Forging New Ties at JDC’s Conference for Latin American Jewish Leaders
How did I, a 25-year-old from central Connecticut, end up in Quito, Ecuador at JDC’s Encuentro (Conference) for Latin American Jews? I am not Hispanic, and although I have aunts from Cuba and Puerto Rico, they are Catholic and have no relation to the Jewish communities of their countries. And even though I do speak Spanish, the answer comes down to my involvement with JDC Entwine.
I have traveled a few times with JDC (affectionately referred to as “The Joint,” and with a cool accent if said by any Spanish-speaker). My first experience was a short-term service trip to Ukraine and Kazakhstan when I was in college, and since then I have been to Khabarovsk, Russia; Israel; Buenos Aires, Argentina; and now to Quito, Ecuador. Through my adventures with the Joint I have made friends all over the world, and I feel like I truly am a part of the global Jewish community.
When I told one of the JDC Entwine professionals that I wanted to get more involved, she suggested that I attend the 12th Encuentro. Honestly, I struggled with the decision to participate. I had just gotten back from Buenos Aires, and wasn’t sure I could justify the expense of more travel. And since I had no concrete ties to the Latin American Jewish communities, I wavered back and forth. Ultimately, I chose to go and learn about these communities with the hope of increasing my bond to them. At the very least, it would be an adventure…
And indeed it was. Five days full of seminar-style talks, lunch discussions, delicious food (I could write a food blog on the native delicacies), and TONS of new friends. The talks ranged from histories of the Jewish communities to South America’s socioeconomic landscape to strategies to increase youth involvement.
The presentations were quite interesting – but I honestly feel like I gained the most from hanging out with my peers from all around Latin America. Whether at lunch, dinner, exploring the city, or in Plaza Foch (“Gringolandia,” as the locals call it because of the high concentration of tourists), I learned so much from them. Some are students; others have begun their careers. Some work in the secular world; others at JCCs and other Jewish community organizations.
How are we similar? How are we different?
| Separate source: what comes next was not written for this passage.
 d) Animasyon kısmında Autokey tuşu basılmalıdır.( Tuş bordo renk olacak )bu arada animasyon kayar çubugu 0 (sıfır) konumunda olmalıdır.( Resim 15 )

Aside from nationality and our countries’ cultures, we are eerily similar. Seeing those similarities first-hand underlined for me the fact that we are one Jewish world that can truly learn from and help each other. Bringing all these young people together united us in a way I would have never expected. We danced, sang, chanted (I learned El Baile de la Ensalada), and talked. Yes, there was lots of talking.
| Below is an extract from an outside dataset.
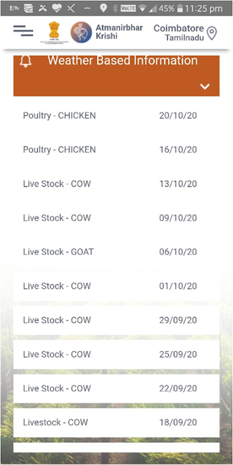 แอปพลิเคชัน Atmanirbhar Krishi ให้แพลตฟอร์มสำหรับเกษตรกรเพื่อเข้าถึงข้อมูลที่เก็บรวบรวมมาจากหลายกรมและหน่วยงานของรัฐบาล เช่น กรมการเกษตร กรมอุตุนิยมวิทยาอินเดีย (IMD) องค์การวิจัยอวกาศอินเดีย (ISRO) กรมประปาและคุณภาพน้ำ คณะกรรมการวิจัยเกษตรแห่งชาติ (ICAR) ศูนย์สารสนเทศน้ำแห่งชาติ (NWIC) คณะกรรมการน้ำใต้ดินกลาง (CGWB) และอื่น ๆ แอปพลิเคชันยังรวมตัวด้วยตัวติดตามโครงการซึ่งคุณสามารถติดตามโครงการทั้งหมดที่คุณมีส่วนร่วมได้

I love talking. I love connecting with people. And I look at every travel experience as a way to reflect on my life so that when I return home I can treat it as a new beginning. Kind of like having a ‘New Year’s Resolution’ every time I go away.
So post-Quito, I am now asking myself, “What can I do? What ‘New Year’s Resolution’ can I make to better my own community and life?”
First, I want to move to Buenos Aires. I loved the city when I was there in August, and I think the Argentine accent in Spanish is beautiful (and strange). I now officially have more friends in the city of Buenos Aires than I do in the entire state of Connecticut; I also have friends now in Chile, Venezuela, and Mexico, among others. Also, they have amazing wines in Argentina, and since I´m a sommelier it only makes sense that I go to sample the wines.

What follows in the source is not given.